> _Work to be completed_
Look below for the line with "这里通过 RenderObjectToWidgetAdapter 对象的"; begin the copy there and stop after the line with "amazon com hfg", keeping the text exact and the pictures out.
Information provided: Begin
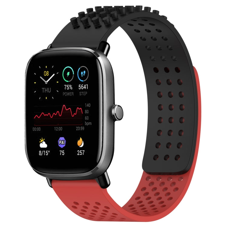 Correa de Reloj Silicona para Amazfit GTS 2 Mini con Puntos 3D Transpirables y Orificios 20mm (Negro + Rojo)
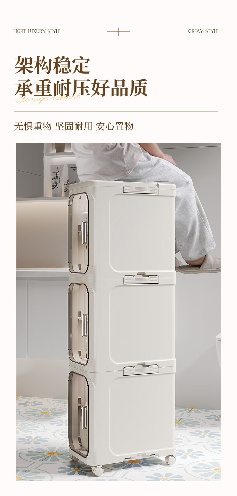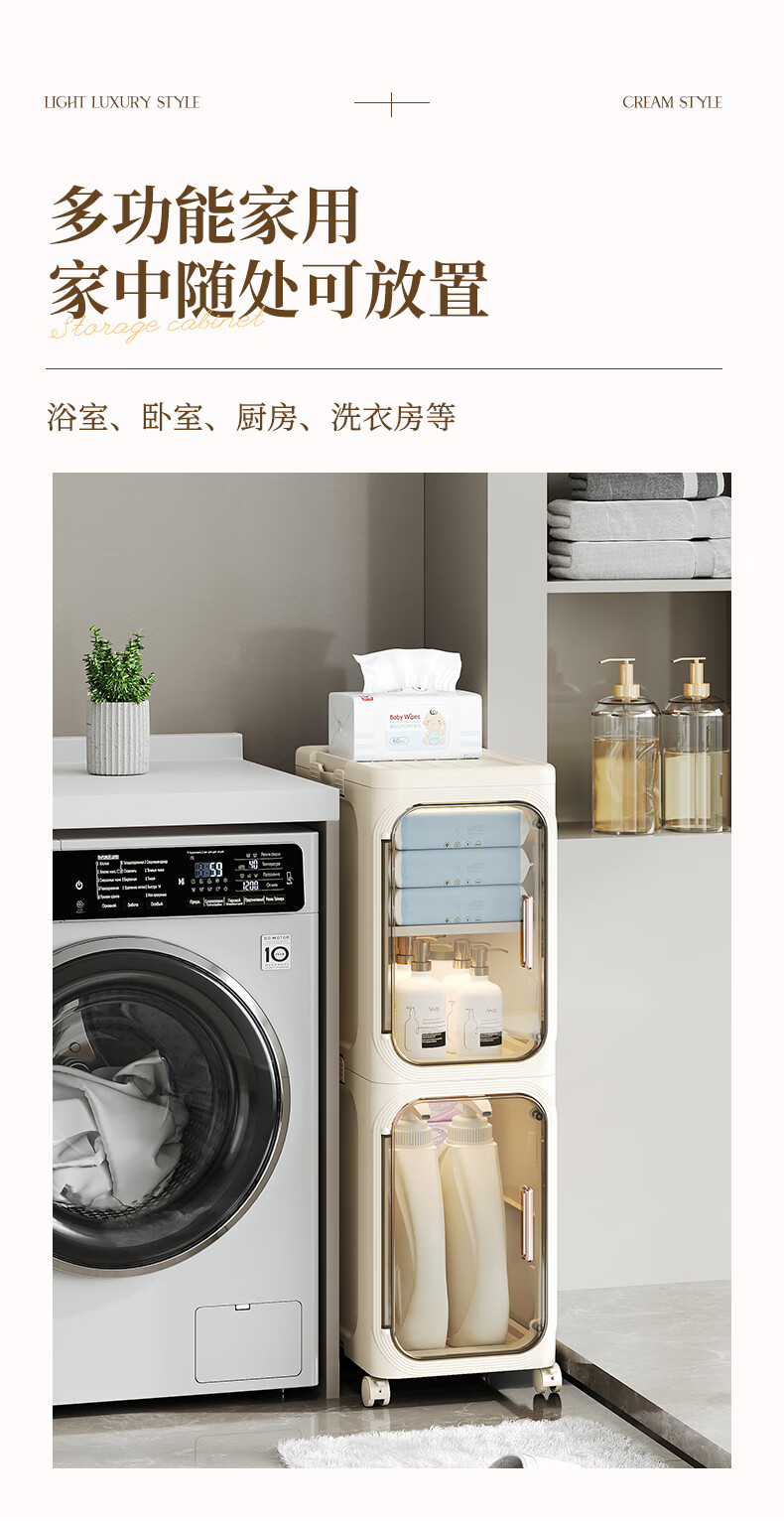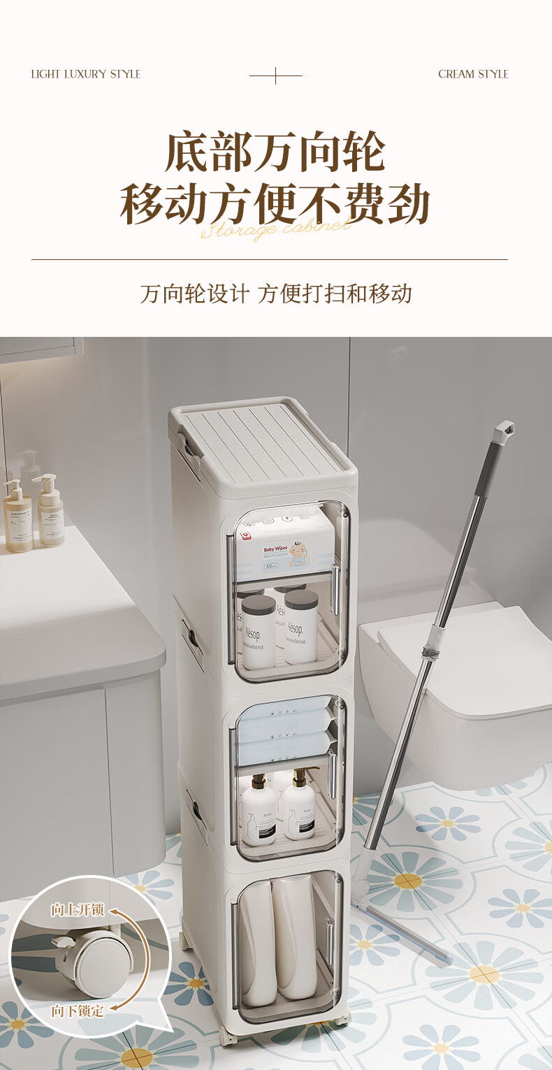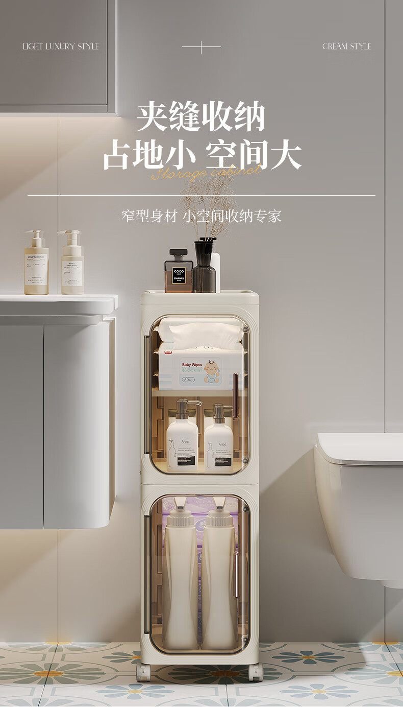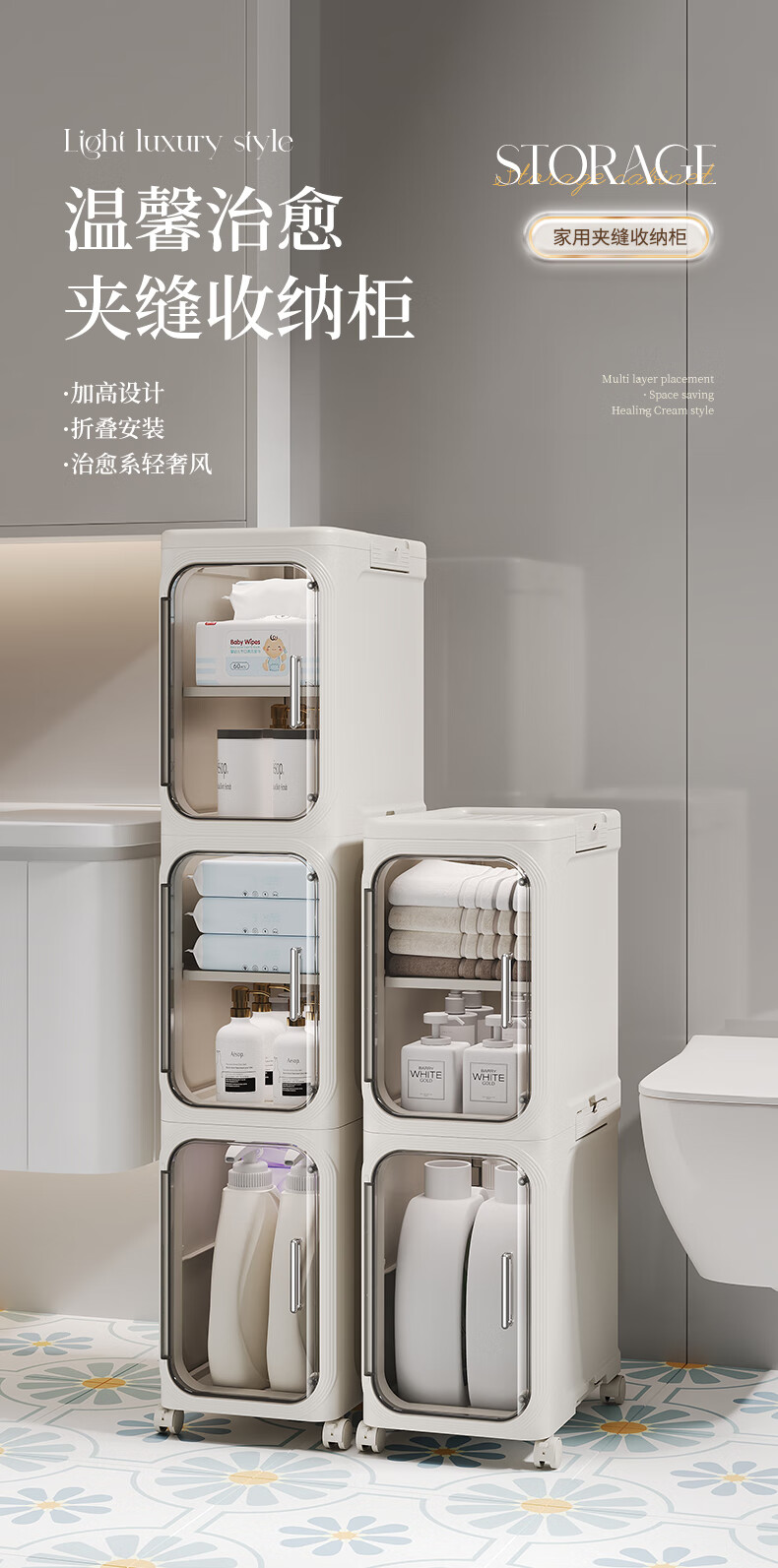 Baiyite Seam Storage Cabinet Free of Installation Bathroom Storage Cabinet Bathroom Side Cabinet Refrigerator Washing Machine Seam Floor Storage Cabinet Folding Seam Cabinet-Pure White + Gray Transparent 3 Layers
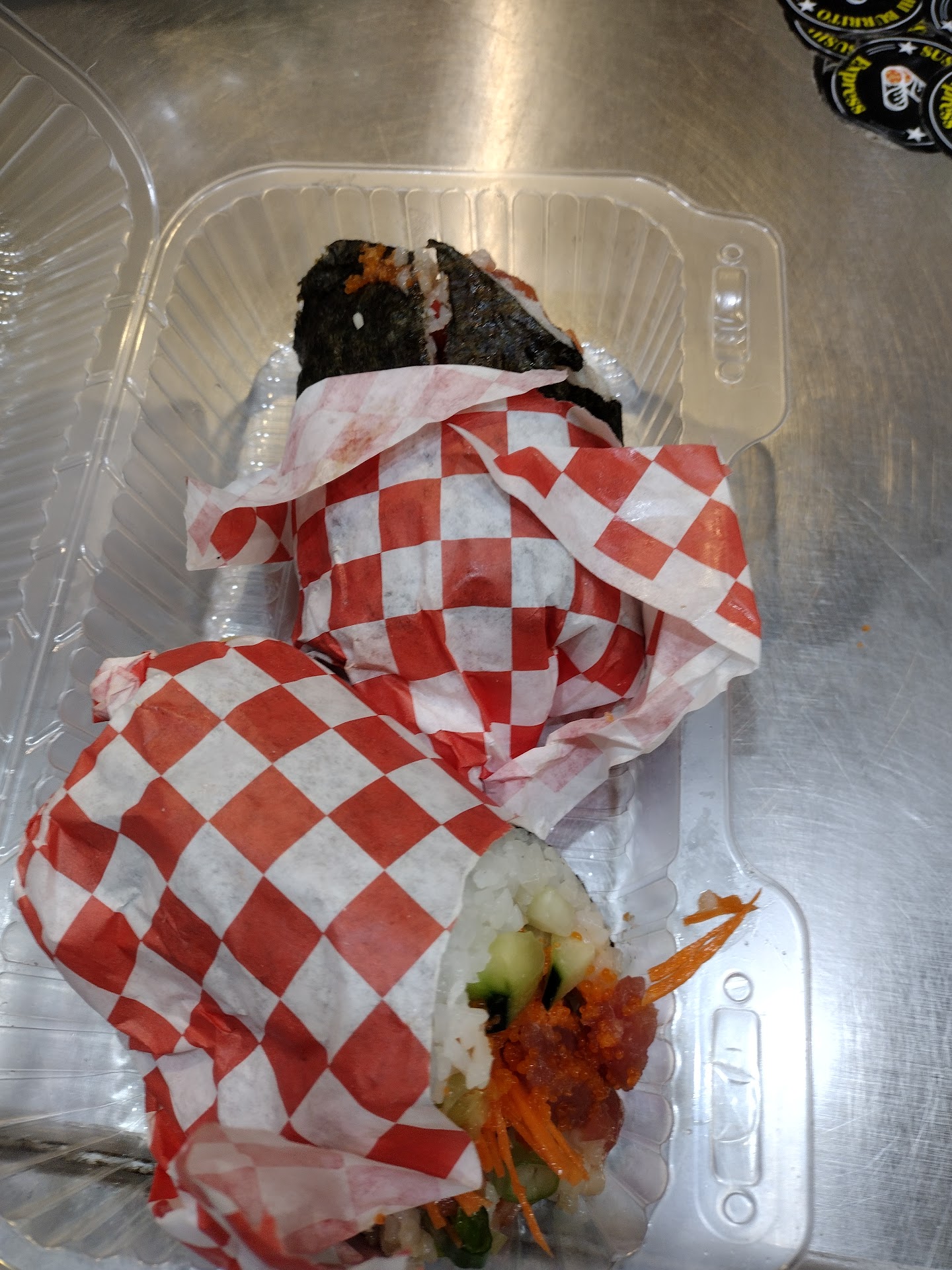 Great spot for sushi burritos! I get a veggie roll every time, and sometimes I choose to have it rolled, cut, or even deep-fried.
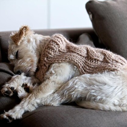 A classic cable dog sweater. This is an easy pattern that will knit up quickly and is easily adapted to suit most dog sizes.
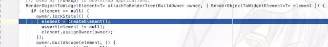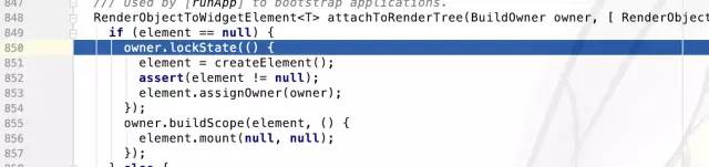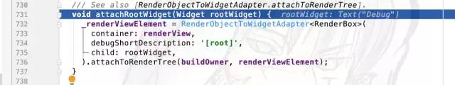 这里通过 RenderObjectToWidgetAdapter 对象的 attachToRenderTree 方法为 _renderViewElement 进行赋值。这里小蓝下一步会走到哪?
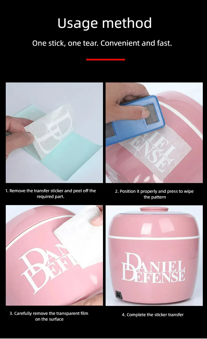 1. سطح چسب را تمیز کرده و اطمینان حاصل کنید که هیچ لکه ای وجود ندارد. کاغذ پشتیبان برچسب انتقال را برداشته و برچسب را با فیلم انتقال به موقعیت هدف وصل کنید. برای سطح و حذف حباب های هوا از یک اسکرابر استفاده کنید و در آخر فیلم انتقال را پاره کنید.
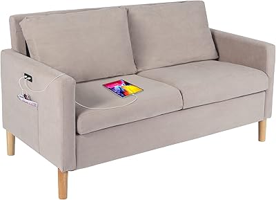 amazon com hfg 55inch modern fabric love seats sofa with 2 usb suitable for small spaces soft pillows easy to install light grey kitchen dining
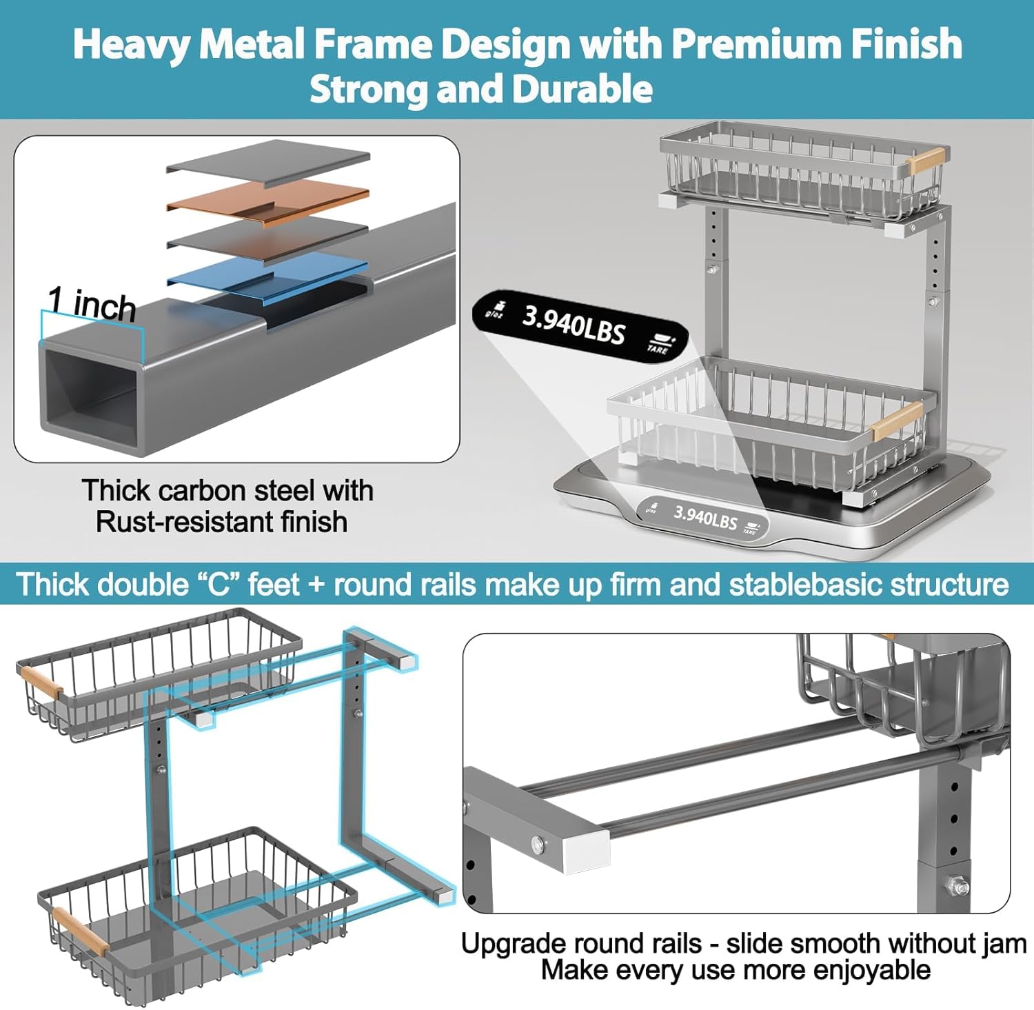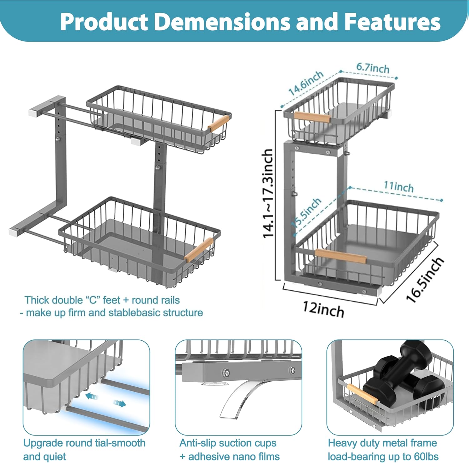 - 2 Tier Pull Out Baskets: Liuoud under sink shelves adopt upgraded round rails that slides out smoothly without jams or noise. Both Upper and lower drawers can slide out, which is perfect for accessing items deep in lower cabinet
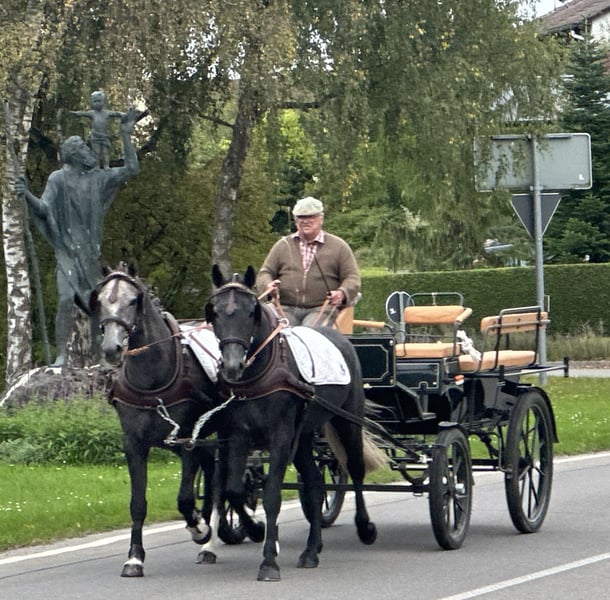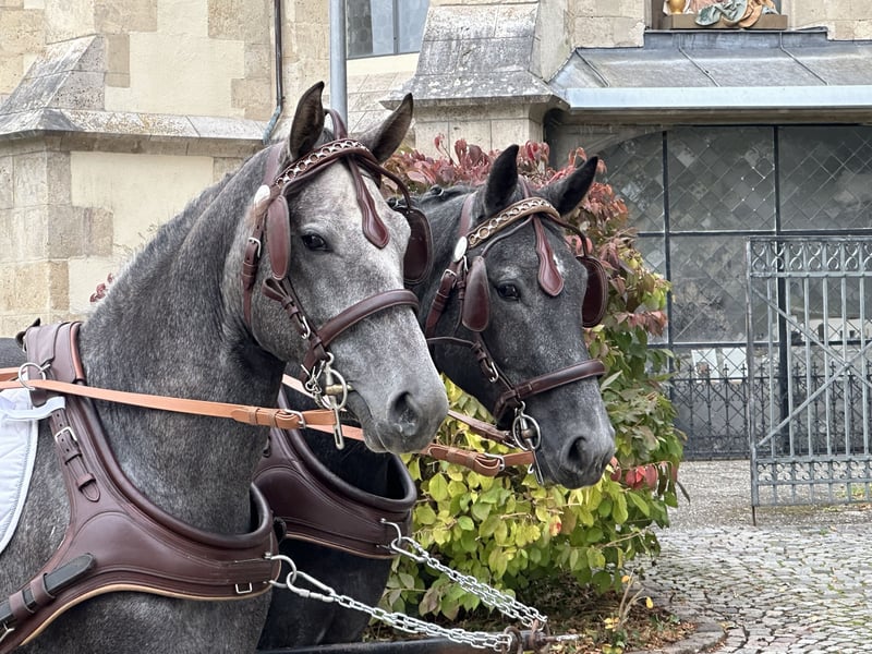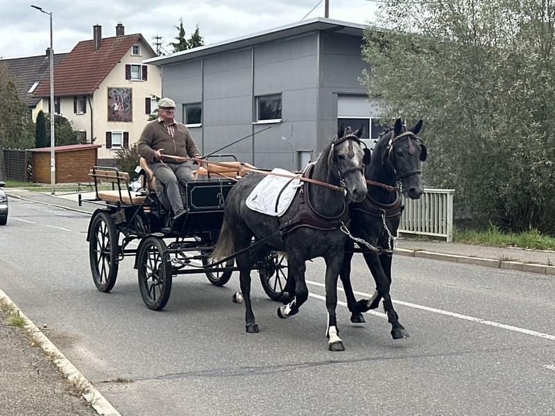 Sehr ansprechendes und gut harmonierendes Gespann (Wallach links Stute rechts ) das straßensicher gefahren ist . Beide Pferde sind auch einspännig gefahren sowie im Gelände und in der Halle geritten.
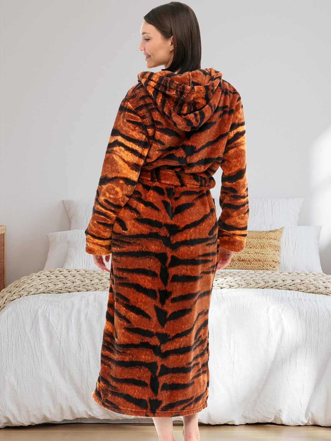 - THICKER - 2 times thicker than average fleece robe for women bathrobe. Hooded Bath robes female with male versions also available. The ideal, stylish housecoats for women for Fall and Winter. Plus size 2X, Bengal Tiger robe by Alexander del Rossa.
Information provided: End
> _Completed task_
 这里通过 RenderObjectToWidgetAdapter 对象的 attachToRenderTree 方法为 _renderViewElement 进行赋值。这里小蓝下一步会走到哪?
 1. سطح چسب را تمیز کرده و اطمینان حاصل کنید که هیچ لکه ای وجود ندارد. کاغذ پشتیبان برچسب انتقال را برداشته و برچسب را با فیلم انتقال به موقعیت هدف وصل کنید. برای سطح و حذف حباب های هوا از یک اسکرابر استفاده کنید و در آخر فیلم انتقال را پاره کنید.
 amazon com hfg 55inch modern fabric love seats sofa with 2 usb suitable for small spaces soft pillows easy to install light grey kitchen dining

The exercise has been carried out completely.